Zero is used to initialize blocks to zero. It is implemented
as the SCSI WRITE_SAME command which passes the device a
block's worth of data and has it write it multiple times.

More info on VAAI can be found here:
http://www.vmware.com/resources/techresources/10337

The krbd patches which use these requests are in vaai branch of
this tree:
https://github.com/mikechristie/linux-kernel

I did not submit them in this thread, because they depend on other
patches that are still being reviewed upstream and I did not want
to waste people's time reviewing them if they change. These OSD side
patches should be ok to review and merge, because the op format
and implementation should not change.

v3

  • Add CMPEXT miscompare offset back.
    v2
  • Integrated David's tracing fixes.
  • Dropped CMPEXT miscompare offset.

Mike Christie added 2 commits March 15, 2016 17:14
This adds a new ceph request writesame that writes a buffer of length
writesame.data_length bytes at writesame.offset over
writesame.length bytes.

This command maps to SCSI's WRITE SAME request, so users like LIO+rbd
can pass this to the OSD. Right now, it only saves having to transfer
writesame.length bytes over the network, but future versions will be
to fully offload it by passing it directly to the FS/devices if they
support it.

Signed-off-by: Mike Christie <mchristi@redhat.com>
This adds support for a new op cmpext. The request will read
extent.length bytes and compare them to extent.length bytes at
extent.offset on disk. If there is a miscompare the osd will return
-EILSEQ, and position in the buffer the offset was found and
the mismatched buffer that was read.

rbd will use this in a multi op request to implement the
SCSI COMPARE_AND_WRITE request which is used by VMware for
its atomic test and set request.

v3:
- Return mismatch offset on matching failures.

v2:
- Merge David's tracing fixes.
- Instead of returning the mismatch offset and buffer on matching
failure just return the buffer. The client can figure out the offset
if it needs it.

Signed-off-by: Mike Christie <mchristi@redhat.com>
@yuyuyu101
Copy link
Member

Hi @mikechristie

in my mind, VAAI is a block layer api spec which should integrate into librbd, why not implement this in RADOS instead of librbd?

@gregsfortytwo
Copy link
Member

@yuyuyu101 The purpose of these commands is to do data updates on the "disk"; doing it in librbd would require Read-Modify-Write. So they definitely need to happen on the OSD.

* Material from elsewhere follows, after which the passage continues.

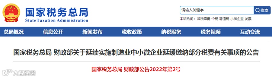 关于延续实施制造业中小微企业延缓缴纳部分税费有关事项的公告
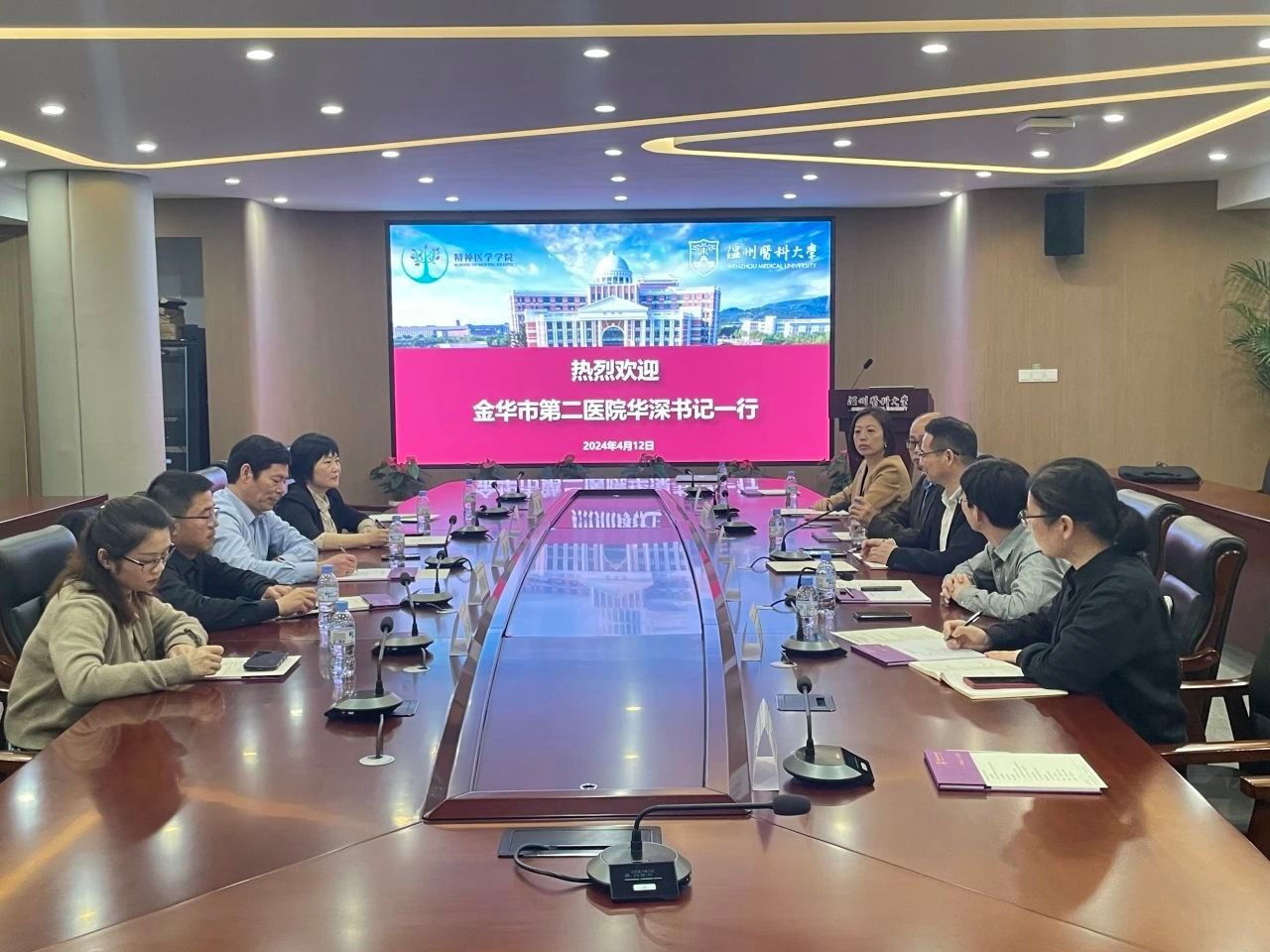 4月12日,金华市第二医院党委书记华深、副书记兼院长叶素红一行来访我校。学校教务处处长李章平、偷拍视频 党委书记许冬武、偷拍视频 相关部门以及系主任等专业老师参加座谈会。

@mikechristie, is there a particular reason these need to be OSD ops and not class operations? The particular operations seem awfully specific and unlikely to be reused by other kinds of clients.

@yuyuyu101
Copy link
Member

@gregsfortytwo yep, I also means we could impl detail logics in librbd layer, and leave generic CAS things to rados.

Oh, I guess you will impl it in kernel rbd firstly.

@mikechristie
Copy link
Author

@yuyuyu101, Yes, it is implemented in the kernel only right now. Here are the patches that are being proposed upstream:

https://github.com/mikechristie/linux-kernel/commits/vaai

@gregsfortytwo, You mean implement them as rbd cls ops in src/cls/rbd/cls_rbd.cc right? I swear I saw a comment in the ceph code saying something about being able to compare extents could be useful, so I went wild and implemented both as a OSD ops. I cannot find this comment, so maybe I was seeing things :) I think you are probably right and the only user would be rbd for this ESX support.

@gregsfortytwo
Copy link
Member

Yeah, that's what I meant. (Or perhaps as a separate object class, if that's desirable in terms of auth caps or something.)

I don't care that much and @athanatos is your real gate, but in general it's nice to not expand public interfaces too much. ;)

@mikechristie
Copy link
Author

Ok, actually, it looks like it is less invasive on the kernel side to implement as cls ops. The existing libceph and rbd kernel code seem to have the infrastructure I need to implement them.

So if no one wants them as osd ops, it makes the kernel side nicer to do them as cls ops.

@yuyuyu101
Copy link
Member

@mikechristie why not consider impl librbd firstly? related to iscsi target problem?

@mikechristie
Copy link
Author

@yuyuyu101,

I am new'ish to ceph. What do you mean by implement in librbd? Is that in the userspace lib ceph/src/librbd? If my target was in userpsace like tgt or tcmu, I could do something like this

(tgt making rbd_*() lib calls)
https://github.com/fujita/tgt/blob/master/usr/bs_rbd.c

I like [fixed a word here] this approach, but tgt is being replaced with the upstream LIO target in most distros. LIO was all kernel based, and so that was one reason I was focusing on krbd support. I also felt performance would be better and it would be a easier implementation.

@jdurgin
Copy link
Member

jdurgin commented Mar 17, 2016

I also recall someone thinking a generic op would be useful, but can't find where. A class op can still be reused easily though - it also makes testing easier (no need to plumb through new client calls in userspace either).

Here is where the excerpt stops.